Though hardly a harmonious bunch, the rich were rewarded for their newfound loyalty. Almost a decade ago, each of them joined in the near-unanimous rejection of Trump as an unstable menace to the interests of capital. Two years ago, Elon Musk wanted Trump to “hang up his hat and sail into the sunset” (to which the 47th replied that the South African should “drop to his knees and beg”). So here was Musk, Mark Zuckerberg, and Jeff Bezos, arranged in a neat shooting-gallery row ready to assume the required position and do their duty. Slightly further along were Tim Cook of Apple and Sundar Pichai of Google. Lurking somewhere in the back was Bernard Arnault, boss of luxury slop-conglomerate LVMH, embodied proof that rich people have no taste – not even rich French people. Holding up the zionist end of the rope was Miriam Adelson, truly flourishing after her decrepit husband’s death and wearing – no lie – rose-tinted specs. (RFK Jr, meanwhile, drooled in the direction of the ceiling, and I’m not entirely sure the parasite brain-worm hasn’t taken control of his body again).
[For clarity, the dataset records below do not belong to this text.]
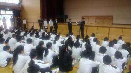 続いて、今年度、前期の生徒会と学級委員の認証式がありました。学校のため、学年のため、学級のためにしっかり役割を果たしてください。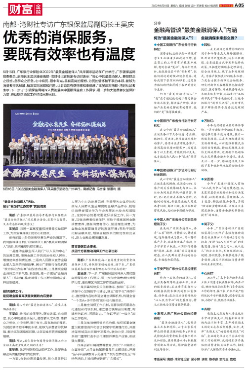 6月16日,广东银行业保险业2022年“最美金融消保人”风采展示活动在广州举行。广东银保监局党委委员、副局长王吴庆接受南都·湾财社记者独家专访时表示:“我心中的最美消保人,要想群众之所想,急群众之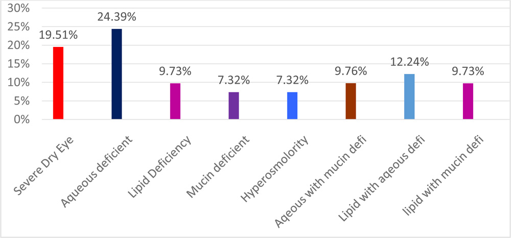 19.51% patients were affected by all components and are considered as dry eyes; 17.07% didn’t show dry eye ; 24.39% had aqueous; 9.73% lipid and 7.3% mucin deficiency ; 9.76% had mucin with aqueous; 12.24% had lipid with aqueous & 9.73% had lipid with mucin deficiency. Osmolarity was high in 50% aqueous deficient patients, in 100% lipid deficient & severe dry eye patients.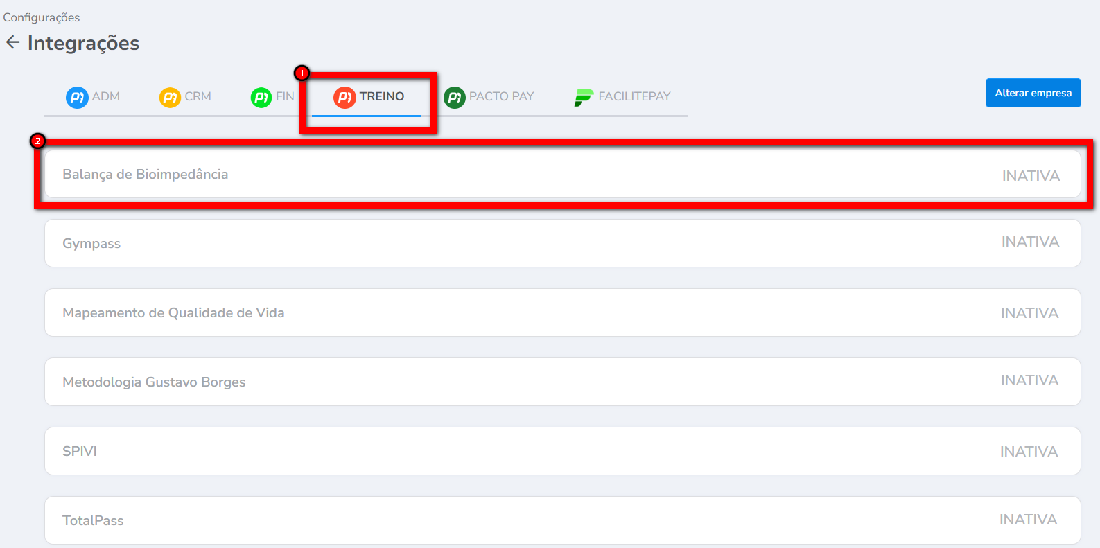 É necessário ter a permissão "Configurações Empresa" habilitada no perfil de acesso do módulo Treino.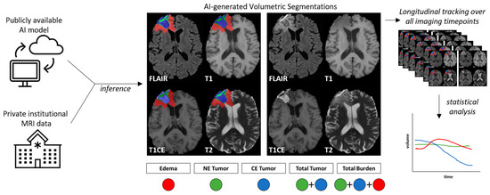 Following the masking of the skull using CaPTk, we utilized a third publicly available AI model for brain lesion segmentation based on the nnU-Net architecture [31]. The original publication detailing this work is available from Isenee et al. [20], and the model weights are available from [32]. Briefly, the model was trained using 5-fold cross-validation on n = 369 training cases available from the 2020 Brain Tumor Segmentation (BraTS) Challenge, and validation is obtained from an ensemble (average) of the final trained models from each fold. This final ensembled model achieved validation mean Dice scores of 91.24, 85.06, and 79.89 for whole tumor, tumor core, and enhancing tumor, respectively. Input to the model requires all four MRI sequences to be masked to the brain organ. This model architecture has placed in the top 3 models for several Brain Tumor Segmentation (BraTS) Challenges for segmentation tasks and survival predictions [33,34]. The segmentation mask output of the nnU-Net is one of four classes (background, edema, non-contrast-enhancing tumor (NET), and contrast-enhancing tumor (CET)). From the final segmentation results, we defined total tumor (TT) volume as a summation of NET and CET regions. Similarly, total volumetric burden (TB) was defined as the combination of NET, CET, and edema regions. Brain organ and lesion segmentation models were applied to all scan timepoints for all patients, and volume-based metrics were collected. The overall study workflow, along with a representative visual example of these volumes is shown in Figure 2.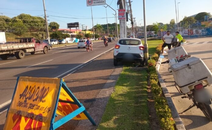 Um veículo de aplicativo colidiu contra um poste na manhã desta terça-feira (19), na Avenida Torquato Tapajós, em frente ao Supermercado Assaí, no Flores, Zona Centro-Sul de Manaus.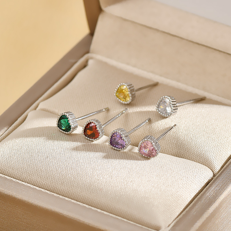 高级感一卡三对小耳钉组合S925银针甜美时尚锆石桃心耳环学生耳坠 English | 投诉

All the wind has gone out of the Democrats again. The principal divide between them and Republicans seems to be whether or not they prefer their facelifts to appear human or not.
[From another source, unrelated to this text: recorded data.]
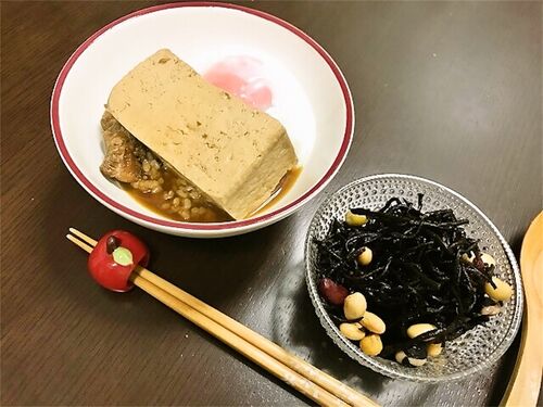 昨日の豚バラ軟骨の残りでとうめしもどき ひじきと蒸し豆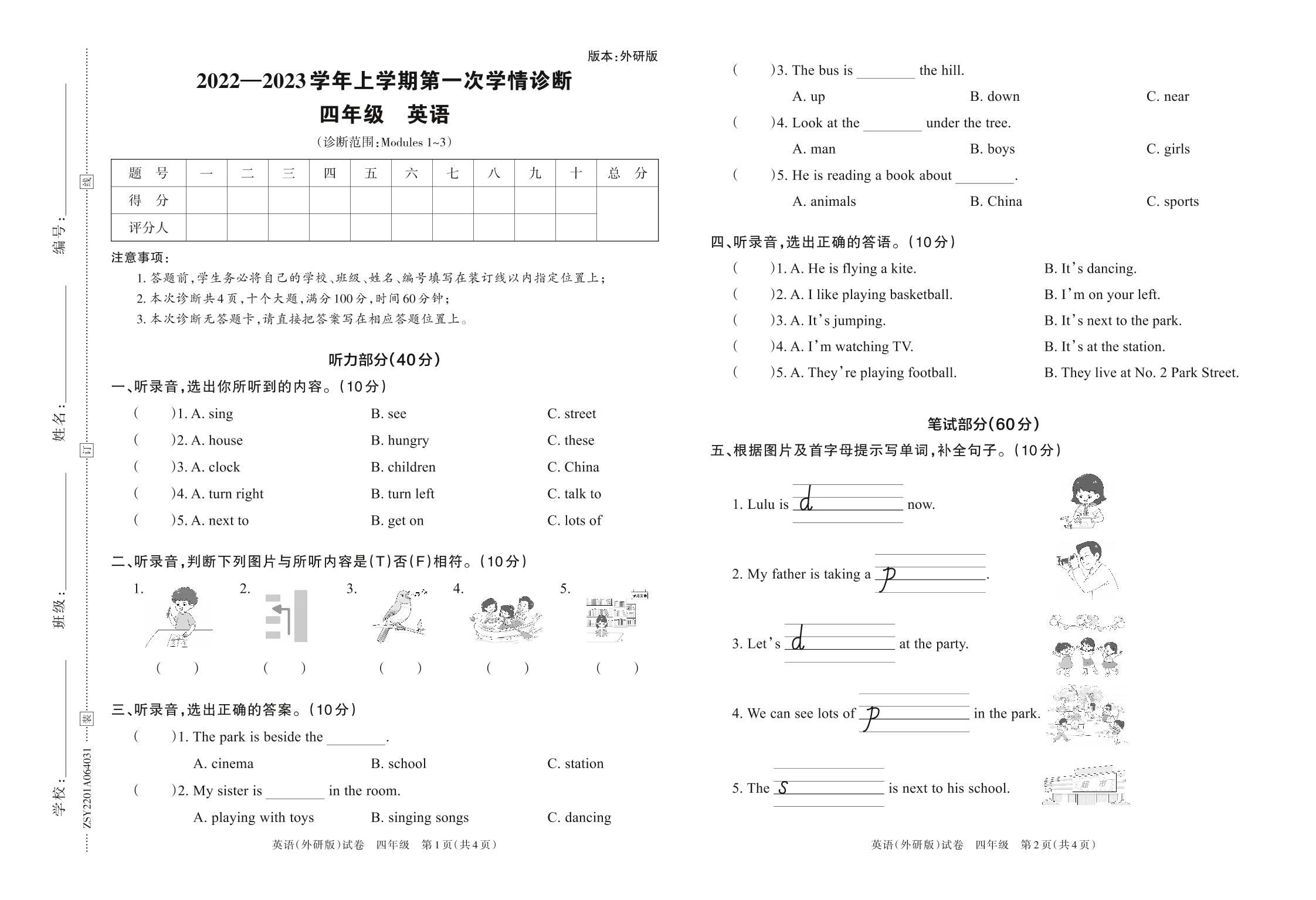 2022—2023学年上学期第一次学情诊断A卷四年级英语(外研版)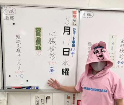 今日は、心臓検診(1年)と委員会活動(5、6年)があります。また、朝のショート集会で、5・6年が、たてわり活動の顔合わせとアイスブレークを行います。

Who is scratching whose back here? Is Trump their servant, or are they his? Both, I’m sure, think they are being paid the expected dues in the expected Washington manner: a steep price for a lent ear, flattery traded for access. Trump promised to kill the Green New Deal, a thing that never really existed but which symbolises the possibility of constraint and priorities other than the continued enrichment of a few – two things capitalists fear the most. And so they lined up to kiss the ring and wink. Now they get to squeeze the last drops of profitability before the true crisis – in energy, food, migration, or war – really bites harder. Their fealty is in defence of an astonishingly lame kind of hedonism.
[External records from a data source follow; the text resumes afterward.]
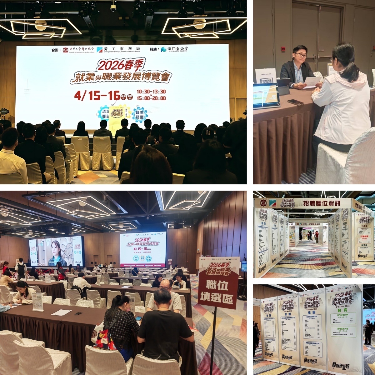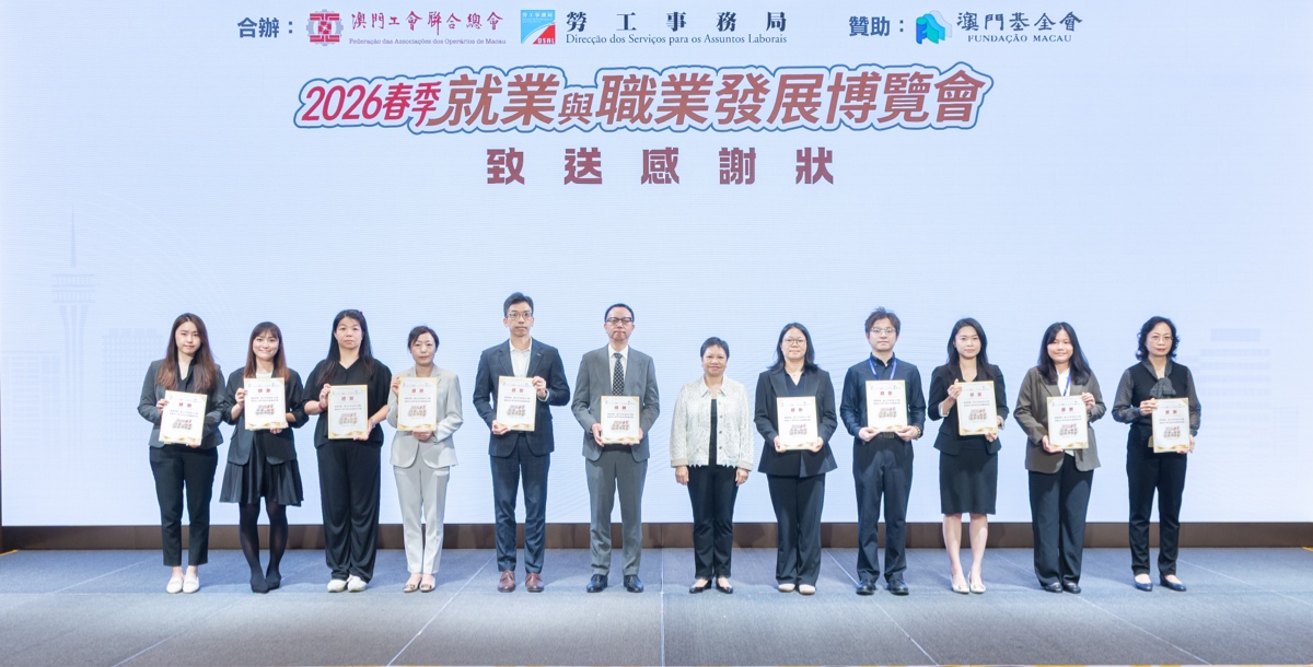 2026年4月15至16日,由澳門工會聯合總會與澳門勞工事務局聯合主辦的「2026春季就業與職業發展博覽會」於澳門旅遊塔會展娛樂中心隆重舉行。是次博覽會匯聚超過50間本地企業參與,提供逾2,000個職位空缺,大學人力資源處在現場設置招聘展位。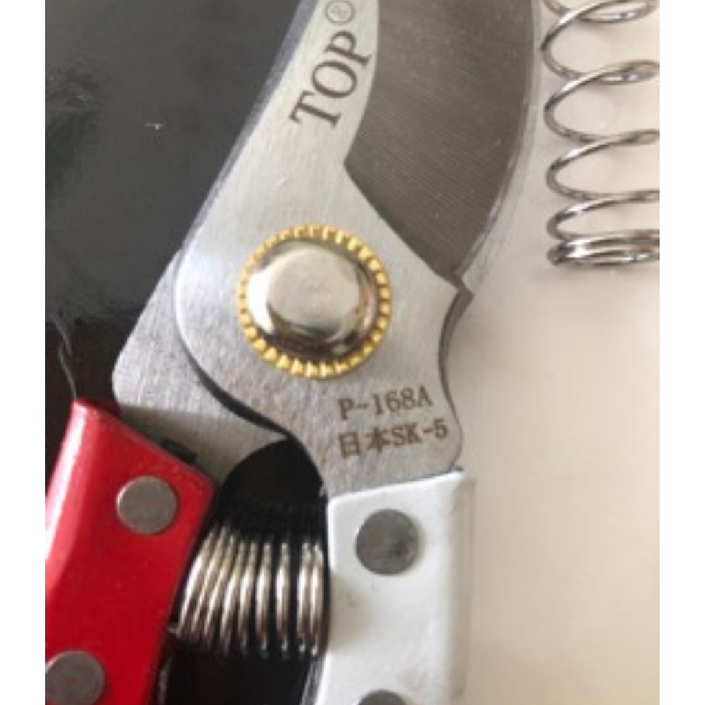 Kéo cắt cành hãng của TOP được làm từ thép SK5 cao cấp. Thép SK5 có độ chống mòn cực cao, chuyên dùng sản xuất dao chiết ghép cây.
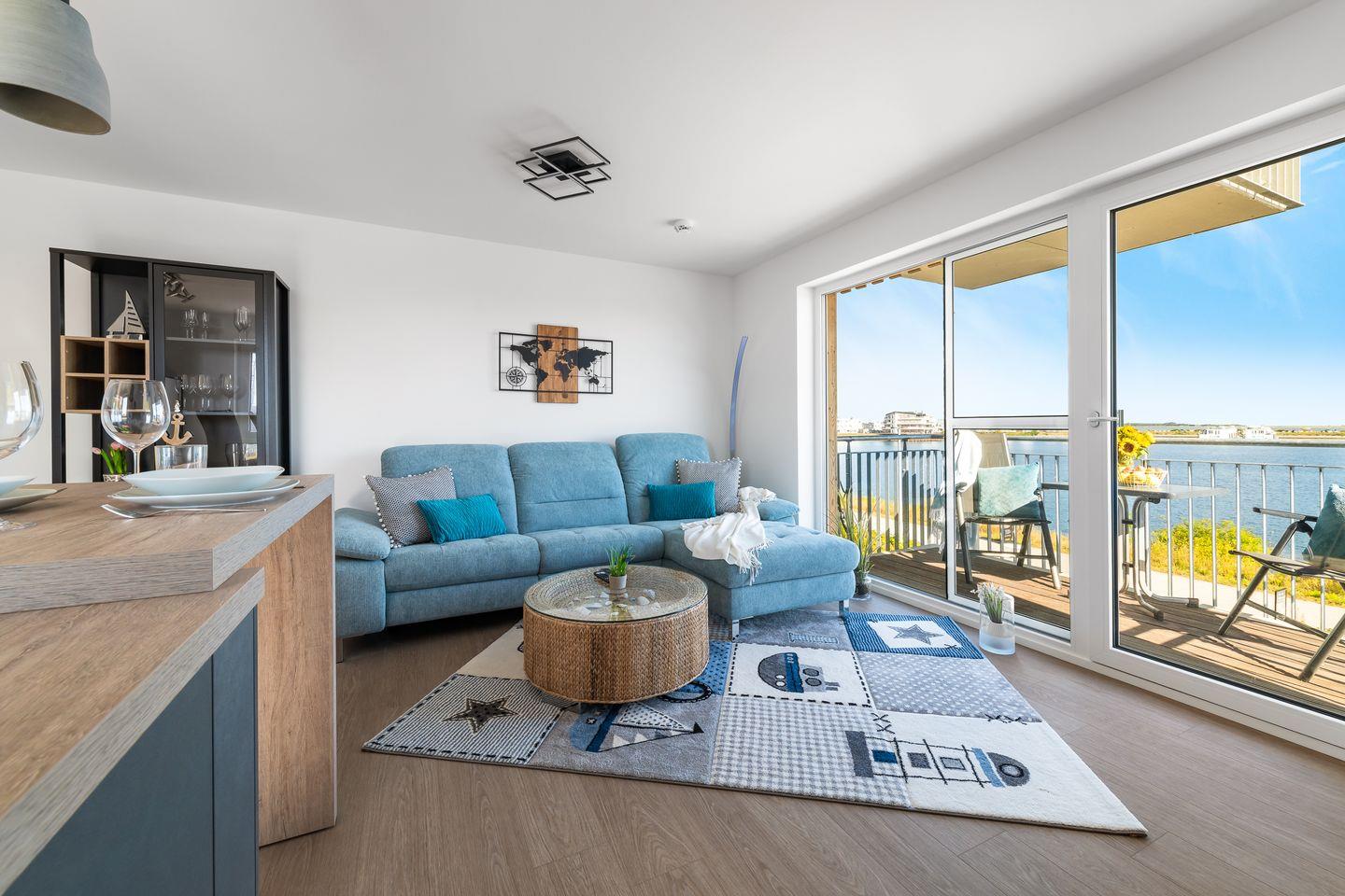 Der helle Wohn- und Essbereich mit integrierter Küchenzeile eignet sich hervorragend für gemeinsame Kochabende mit Blick auf das Meer. Die umfassend ausgestattete Küche erfüllt hohe Ansprüche. Ein besonderes Merkmal der Santiano Flat ist der weitläufige Balkon mit direktem Blick auf den Hafen. Von dort aus können Gäste den Ausblick auf die vorbeifahrenden Segelschiffe genießen.

That they once counted themselves in opposition but have now joined the faction in power is proof, if more were needed, that the one-party state is still a viable theory of American politics. All the wind has gone out of the Democrats again. The principal divide between them and Republicans seems to be whether or not they prefer their facelifts to appear human or not. Indeed, one creature on the dais seemed to have fallen into the same vat of corrosive chemicals as Kurtwood Smith at the end of Robocop. Certainly Joe Biden’s chirpy “Welcome home” when Trump arrived at the White House earlier in the morning was evidence enough that orderly, peaceful, democratic transitions of power continue to be the way one hand washes the other. “National unity,” Trump said, “is returning to America.”
How right he was, and what better way to celebrate that unity than with his bestest new friend throwing not one but two sieg heils. Compare and contrast the reaction from the mainstream right – equivocating, defensive, exculpatory – to that of actual Nazis, from Stormfront-users to the Proud Boys, who were nothing short of thrilled. “Sieg Heil?? Are we so back?” said one account on Musk’s platform. It got two million views. In this sense I cannot accept Abe Lincoln’s injunction not to judge lest we be judged. Judgement, in this moment of extreme powerlessness, is one of our few comforts, along with derision, insult, sneering, and condescension. Such happy contempt for these charlatans – and the charlatans who let it happen – might see us through the next few days. After that, we must set about repaying all that blood still being drawn by the lash.